这听起来像是Aho-Corasick算法的一个应用:从字典中构造一个自动机(以线性时间),然后可以使用它在多个文本(也以线性时间)中查找所有字典词的出现。

(The description in these lecture notes, linked from the "External links" section of the Wikipedia page, is a lot easier to read than the description on the page itself.)

(这些课堂笔记中的描述,来自*页面的“外部链接”部分,比页面上的描述更容易阅读。)

#5


1  

Trie vs Suffix tree

Trie vs后缀树

both data structure ensure a very fast look up, the time of search is proportional to the lenght of the query word, complexity time O(m) where m is the lenght of the query word.

两种数据结构都保证了快速查找,搜索时间与查询词的长度成正比,复杂度O(m),其中m是查询词的长度。

it's mean if we have query word that have 10 chars, so we need at most 10 steps to find it.

这意味着如果查询词有10个字符,那么我们最多需要10步才能找到它。

Trie : A tree for storing strings in which there is one node for every common prefix. The strings are stored in extra leaf nodes.

Trie:用于存储字符串的树,其中每个公共前缀都有一个节点。字符串存储在额外的叶节点中。

suffix tree: A compact representation of a trie corresponding to the suffixes of a given string where all nodes with one child are merged with their parents.

后缀树:与给定字符串的后缀相对应的trie的紧凑表示,其中具有一个子节点的所有节点都与它们的父节点合并。

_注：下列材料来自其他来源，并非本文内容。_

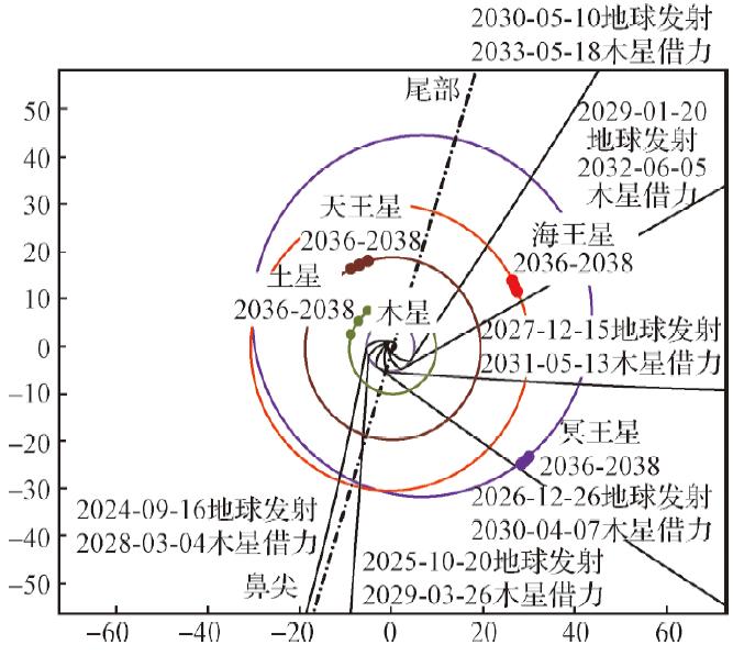 满足任务约束的太阳系边际探测飞行序列及飞行轨道示意图 | 论文[14]

def are from : Dictionary of Algorithms and Data Structures

def来自:算法和数据结构字典

generally Trie used to index dictionary words (lexicon) or any sets of strings example D={abcd, abcdd, bxcdf,.....,zzzz }

一般用于索引字典词(lexicon)或任何一组字符串示例D={abcd, abcdd, bxcdf,…,睡眠}

a suffix tree used to index text by using the same data structure "Trie" on all suffixes of our text T=abcdabcg all suffixes of T = {abcdabcg , abcdabc , abcdab, abcda, abcd, abc , ab, a}

在我们的文本T=abcdabcg的所有后缀上使用相同的数据结构“Trie”来索引文本的后缀树。所有的T= {abcdababcg, abcdabc, abcdab, abcda, abcd, abc, ab, a}

now it look like a groups of strings. we build a Trie over over this groups of strings (all suffixes of T).

现在它看起来像一组字符串。我们在这组字符串上构建一个Trie(所有后缀T)。

the construction of both data structure is in linear, it take O(n) in time and space.

这两个数据结构的构造都是线性的,在时间和空间上都需要O(n)。

in case of dicionary (a set of strings): n = the sum of the characters of all the words. in text : n = length of text.

如果是dici(一组字符串):n =所有单词字符的和。文本:n =文本长度。

suffix array : is a technic to represent a suffix tree in compressed sapce, it's an array of all starting positions of suffixes of a string.

后缀数组:是在压缩的sapce中表示后缀树的一种技术,它是字符串后缀的所有起始位置的数组。

it's slower than suffix tree in search time.

搜索时间比后缀树慢。

for more information go to wikipedia , there is a good article talking on this topic.

要了解更多的信息,请访问*,有一篇关于这个话题的好文章。

#6


0  

This implementation of the induced sorting algorithm (called sais) has a Java version for constructing suffix arrays.

这个诱导排序算法的实现(称为sais)有一个用于构造后缀数组的Java版本。